Black Issues in Higher Education, Sept 17, 1998 by Jamilah Evelyn

Kronley said that while the report was aimed at state responsibilities, it's important for everyone to be a part of the solution.

"From the governor on down to the private sector and the business sector, this all of us," he said.

Kronley noted, however, that in drafting the report, the foundation was careful not to point any fingers.

"This is much too complicated to say that this is your fault or this is their fault," he said. "The report is very clear that there are some promising practices in many states. What needs to be done next is to elevate those practices."

And elevate people to action, said Brown.

"This should be a wake-up call. It tells it like it is. Now we have to deal with it," he said.

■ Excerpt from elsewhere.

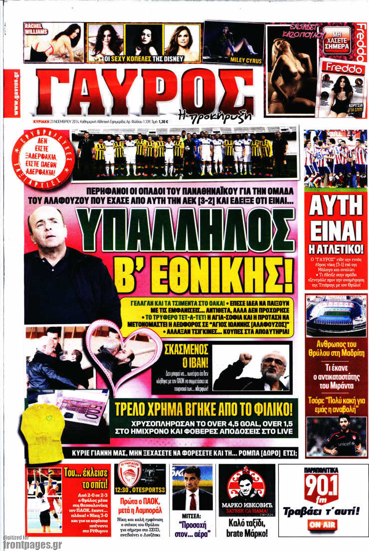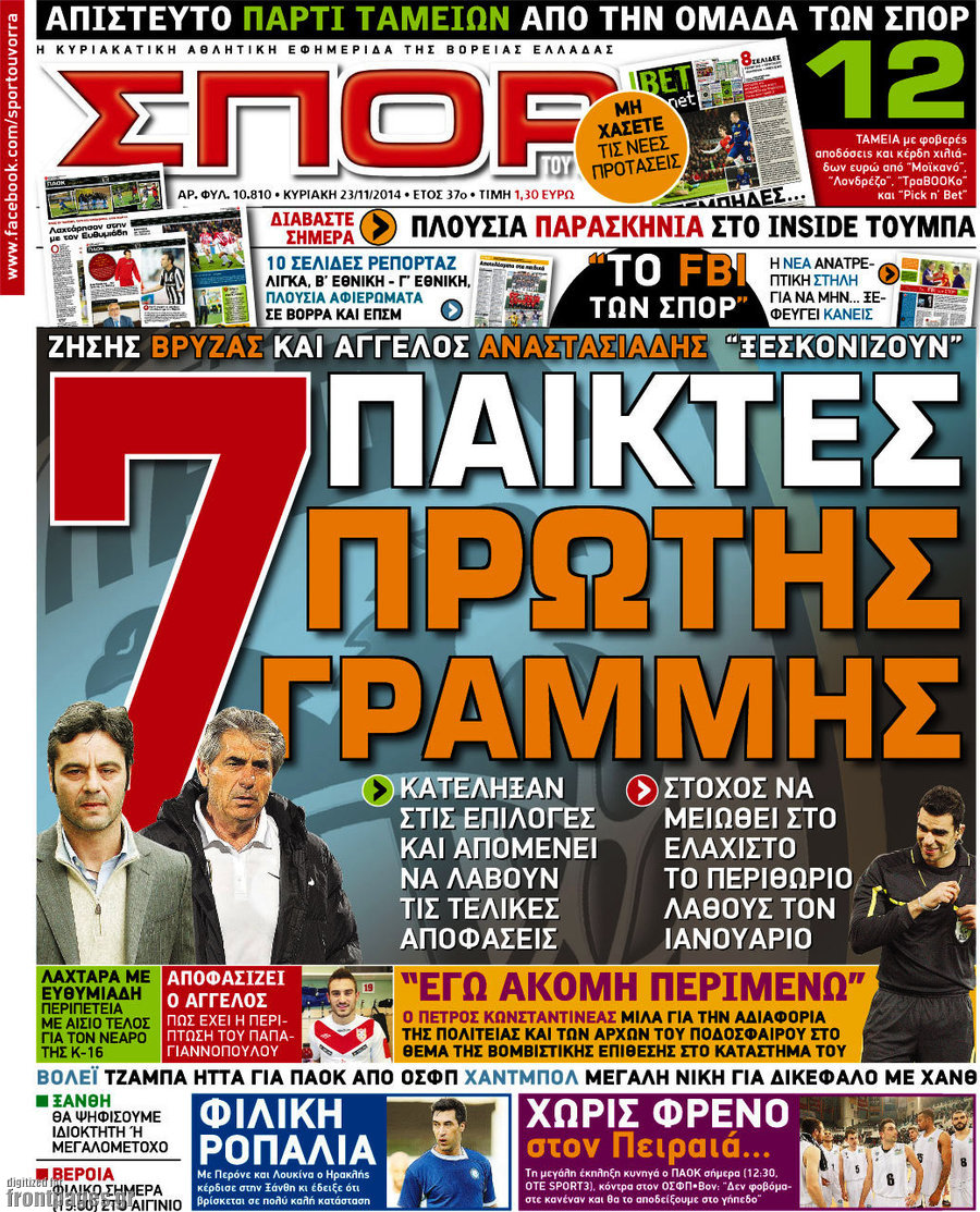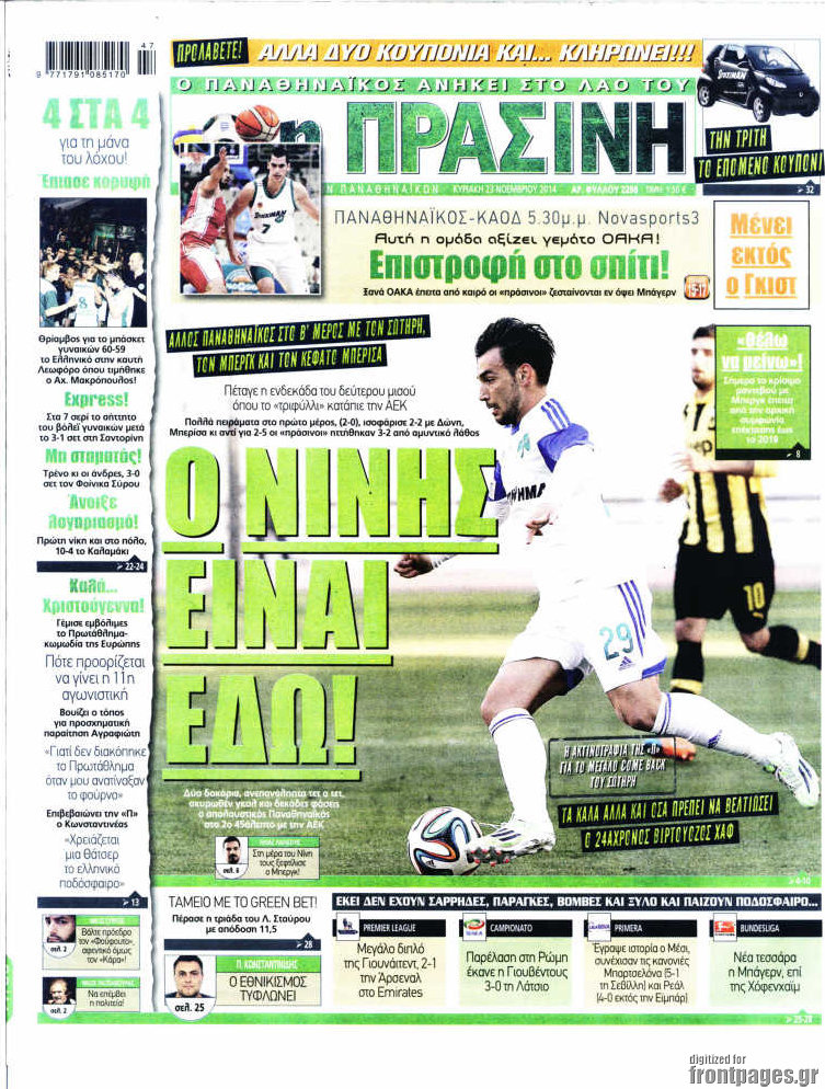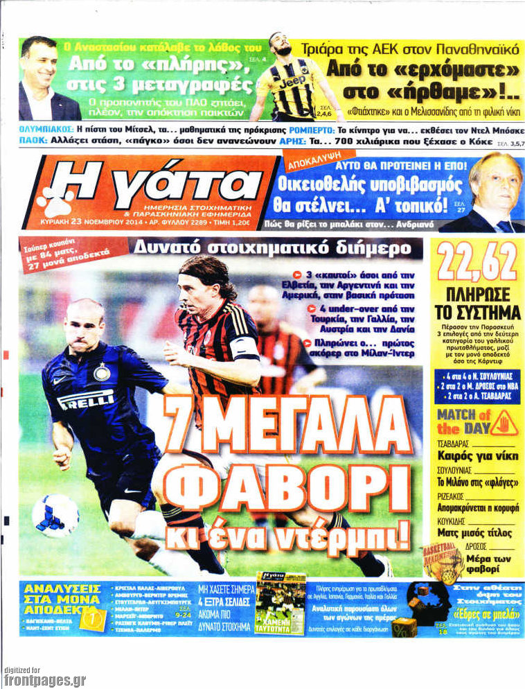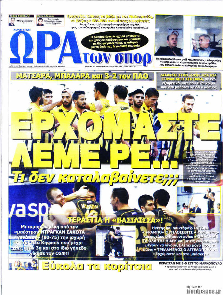 Οι αθλητικές εφημερίδες Enikos Newsroom 07:45, Κυριακή 23 Νοεμβρίου 2014 Media Οι αθλητικές εφημερίδες Διαβάστε τα πρωτοσέλιδα των αθλητικών εφημερίδων: ΑΘΛΗΤΙΚΕΣ ΕΦΗΜΕΡΙΔΕΣ ΠΡΩΤΟΣΕΛΙΔΑ Μοιράσου το: σχολίασε κι εσύ (0 σχόλια) Ακολουθήστε το enikos.gr στο Google News και μάθετε πρώτοι όλες τις ειδήσεις Δείτε όλες τις τελευταίες ειδήσεις από την Ελλάδα και τον Κόσμο στο enikos.gr Ειδήσεις Ροή Ειδήσεων 24 λεπτά πριν Πώς στήθηκε η επιχείρηση «Ίπαλλος» που οδήγησε στη σύλληψη του «Έλληνα Εσκομπάρ» – «Ο πόλεμος ενάντια στους εμπόρους ναρκωτικών θα συνεχιστεί» 9 λεπτά πριν Δίκη Χρυσής Αυγής: Την ενοχή και των 42 κατηγορουμένων ζητά η εισαγγελέας 29 λεπτά πριν Κυψέλη: Στη φυλακή η 16χρονη που μαχαίρωσε συμμαθήτριά της 3 ώρες πριν Αμοργός: «Θα προσπαθήσω να το κάνω κάθε μέρα» – Ποιος είναι ο αγρότης που έστησε μόνος του το πρώτο μπλόκο στο νησί 1 ώρα πριν Τραγωδία στην Αλεξανδρούπολη: Παιδάκι 3 ετών μεταφέρθηκε νεκρό από τη μητέρα του στο νοσοκομείο 34 λεπτά πριν Τα 3 ζώδια που θα δουν τη ζωή τους να αλλάζει ριζικά το 2026 – «Όλα γίνονται καλύτερα σταδιακά» 6 ώρες πριν «Δεν είχα κλάψει από τότε που διαγνώστηκα με καρκίνο, ώσπου ένα τηλεφώνημα με έκανε να λυγίσω» – Η συγκλονιστική εξομολόγηση ενός άνδρα 1 ώρα πριν Ο σπάνιος σεισμός που έλυσε τα χέρια των επιστημόνων – Αποκάλυψε ακριβώς όσα αναζητούσαν 7 ώρες πριν 20 χρόνια τα Χριστούγεννα ξεκινούν στα Public με μεγάλη ποικιλία σε δώρα! 2 λεπτά πριν Τραγωδία στην Αχαΐα: 48χρονος κατέρρευσε στο κυνήγι μπροστά στα μάτια του πατέρα του 9 λεπτά πριν Δίκη Χρυσής Αυγής: Την ενοχή και των 42 κατηγορουμένων ζητά η εισαγγελέας 10 λεπτά πριν Μαρκέλλα Γιαννάτου: «Είμαι κοντά στα 14 χρόνια σε ψυχανάλυση – Είχα αρχίσει να έχω κρίσεις άγχους, νόμιζα ότι θα πεθάνω» 17 λεπτά πριν Υπουργείο Αγροτικής Ανάπτυξης: Πώς θα γίνει η πληρωμή αγροτεμαχίων έως 20 στρέμματα παρά τα ζητήματα ΚΑΕΚ 24 λεπτά πριν Πώς στήθηκε η επιχείρηση «Ίπαλλος» που οδήγησε στη σύλληψη του «Έλληνα Εσκομπάρ» – «Ο πόλεμος ενάντια στους εμπόρους ναρκωτικών θα συνεχιστεί» ENIKOS NETWORK Σοβαροί κίνδυνοι από τη λάθος χορήγηση φαρμάκου για τις αιμορραγίες-Συστάσεις προς τους γιατρούς 5 πράγματα που αποφεύγει γαστρεντερολόγος για να μειώσει τον κίνδυνο καρκίνου του εντέρου Eurostat: Κάτω από την αρχική εκτίμηση της Υπηρεσίας ο πληθωρισμός στην Ελλάδα τον Νοέμβριο του 2025 – Tα στοιχεία για την ... Συντάξεις Ιανουαρίου 2026: Σε ποιους θα πιστωθούν την Πέμπτη τα χρήματα και τι αυξήσεις θα δοθούν – Δείτε αναλυτικά παραδεί... Χαρτογραφώντας το «σημείο χωρίς επιστροφή»: Για πρώτη φορά αποκαλύπτεται με λεπτομέρεια το ακανθώδες όριο της ατμόσφαιρας τ... Η Google καταργεί τη λειτουργία «dark web report» – Πώς θα μπορούν οι χρήστες να διαγράφουν τα δεδομένα τους περισσότερα 12:35 , Τετάρτη 17 Δεκεμβρίου 2025 Μίρκα Παπακωνσταντίνου: «Δεν ήμουν αισιόδοξη για τα νούμερα – Είμαι ρεαλίστρια» Στα γυρίσματα του εορταστικού επεισοδίου της αγαπημένης σειράς “Το Σόι Σου”, βρέθηκε η κάμερα ... 12:12 , Τετάρτη 17 Δεκεμβρίου 2025 Ακούστε την εκπομπή του Νίκου Χατζηνικολάου 17/12/2025 Ακούστε την εκπομπή του Νίκου Χατζηνικολάου στον ραδιοφωνικό σταθμό RealFm 97,8, την Τετάρτη 1... 11:35 , Τετάρτη 17 Δεκεμβρίου 2025 Home Alone: Το σπίτι της ταινίας θα ανακαινιστεί – Επιστροφή στην αισθητική της δεκαετίας του ’90 Οι νέοι ιδιοκτήτες του πραγματικού σπιτιού που παρουσιάζεται στην κλασική ταινία του 1990 «Hom... 11:25 , Τετάρτη 17 Δεκεμβρίου 2025 Grand Hotel: Απόψε το τελευταίο επεισόδιο τ

RELATED ARTICLE: Picture Painted by SEF Not Completely Dismal

WASHINGTON -- While the Southern Education Foundation (SEF) reported last month that Blacks have made few gains in access to public institutions of higher education in the South, many scholars said they took the report with a grain of salt.

The grim statistics presented in Miles To Go -- the foundation's latest assessment of the desegregation efforts in the nineteen states that operated under dual systems of education -- are indeed alarming, said many research analysts. But other statistics points to a much brighter picture.

For example, national enrollment percentages for Black students at public Institutions are on the rise, said Dr. N Joyce Payne, director of advancement and Public Black colleges for the National Association of State Universities and Land-Grant colleges.

According to recent study done by the Association of enrollment trends from fall 1990 to fall 1996, more Black students are attending public four-year institutions. Nationally, there was a 17 percent increase in all Black students attending public four-year schools, and 20 percent increase in Black females.

Payne also said that the number of minority students who are graduating from high school is one on the rise, which will presumably increase enrollment figures at colleges and universities in the near future.

Many also pointed to the fact that the average age of college students is increasing -- a fact that, if accounted for, could skew the foundation's study. According to the National Center for Education Statistics, nearly 20 percent of all undergraduates were over 24 years old in 1995. Many suspect that percentage is higher for Black students. Miles To Go compared to percentage of Black college students with the percentage of Black eighteen-to-twenty-four-years-olds in the Black population.

Additionally, looking at the bigger picture of enrollment trends in those nineteen states states requires taking the private institutions into account, said Dr. Michael Nettles, of the Frederick Patterson Research Institute, the research arm of the College Fund/UNCF.

"The privates represent 40 percent of colleges in the South and 30 percent of Black students go to private institutions," he said.

Additionally, he pointed out that while the foundation doesn't emphasize it, SEF's figures show that more Black students are at the traditionally White institutions than the historically Black ones. According to the SEF report, 34.4 percent of Black freshman were at traditionally White institutions in 1996 and 26.5 percent were at historically Black schools.